January 11, 2018  /   No Comments

Demand for contractors dipsThe overall vacancy numbers for contract roles dipped by 9% in November 2017, while demand for permanent professionals remained largely stable, a study of recruitment firms confirms.

New survey data from the Association of Professional Staffing Companies (APSCo) reveals that demand for contractors decreased across every one of the trade association’s core sector groups during November 2017. Vacancies within engineering, for example, slipped by just 2%, while demand within IT, finance and marketing fell more significantly (by 9%, 9% and 24%, respectively).

While new openings for permanent roles increased by just 0.4% in the same period, the number of professionals placed that month increased by 7% year-on-year. Much of this strength can be attributed to the finance and engineering sectors (where placements increased by 19% and 6%, respectively).

This data coincides with reports that professional talent is becoming more difficult to find due to Britain’s decision to leave the EU, and suggests that employers are trying to hold on to the skills and talent they need as a result.

The overall number of contractors out on assignment, meanwhile, dipped by 11% during the same period. This can largely be attributed to a 33% year-on-year fall in IT professionals working on a contract basis during this time.

Despite this overall dip, the number of contractors out on assignment within engineering and finance increased year-on-year in November 2017 (by 9% and 2%, respectively).

APSCo’s data also reflects the 64,000 decrease in full-time self-employment, as reported by the Office for National Statistics in December 2017.

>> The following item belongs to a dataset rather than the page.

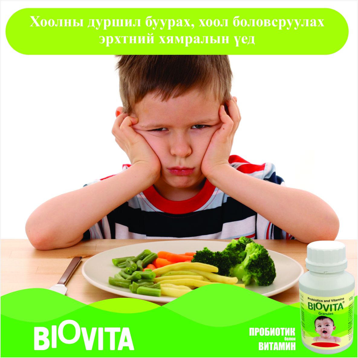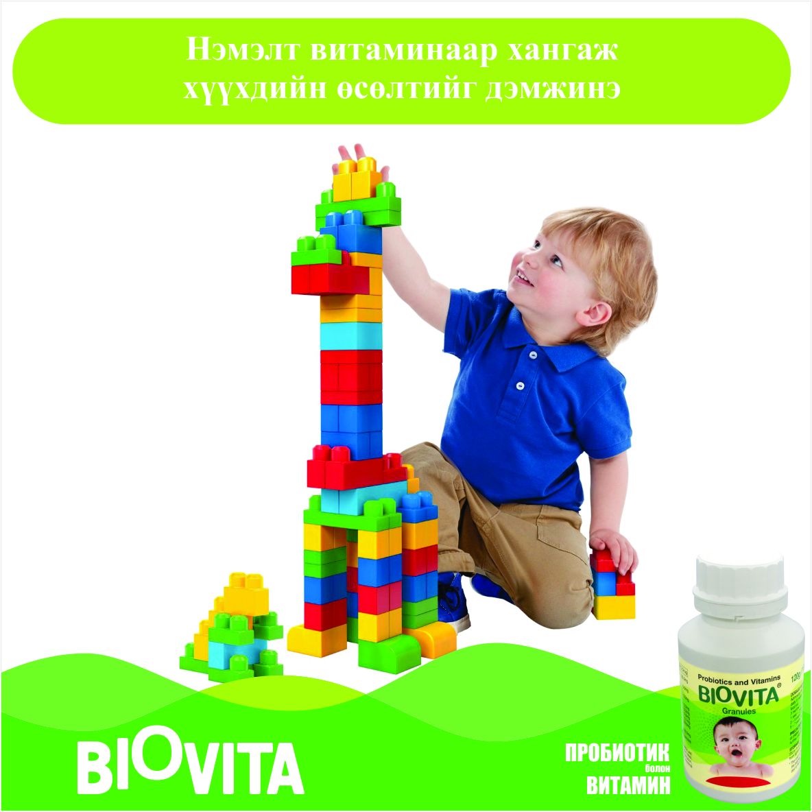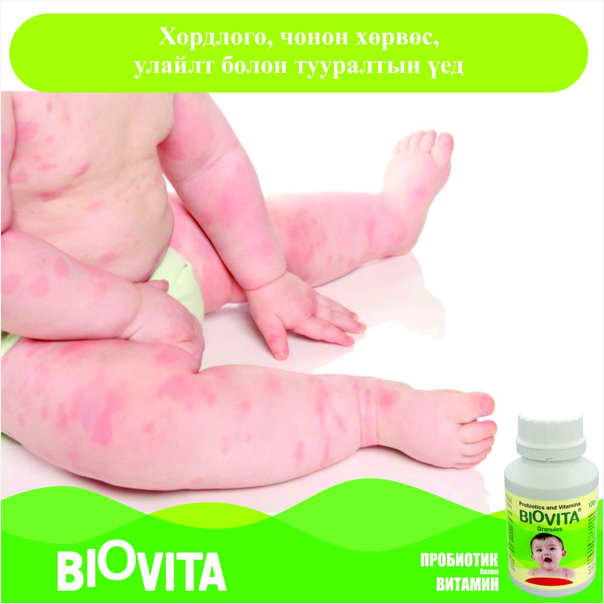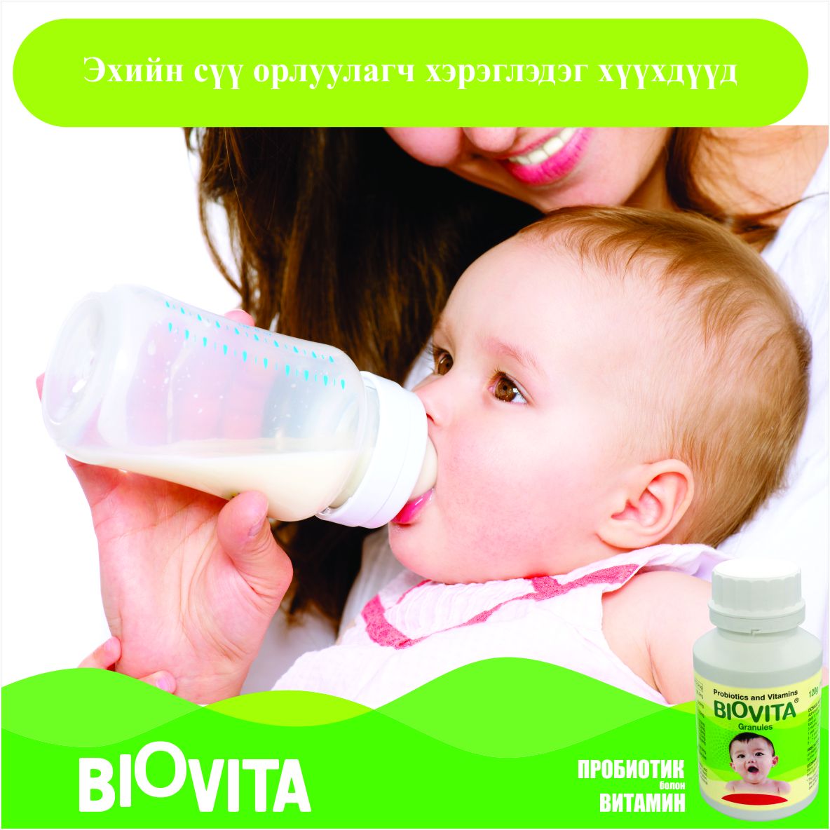 Эрүүл хүүхдийн 1-2 сарын хэрэглээгээр савлагдсан, үргэлжлүүлэн уухад хоргүй зөөлөн, өндөр үр дүнтэй пробиотик болон витамины хослол.

Ann Swain, Chief Executive of APSCo, commented: “This time last year, we reported that permanent vacancies were flatlining amid uncertainty around Brexit. However, today it seems that employers are more concerned about an exodus of talent than a demise in demand, as was previously feared.”

“As a result, businesses are moving away from the contingent workers that they leaned on in times of greater uncertainty and locking in the talent they need to thrive in 2018.”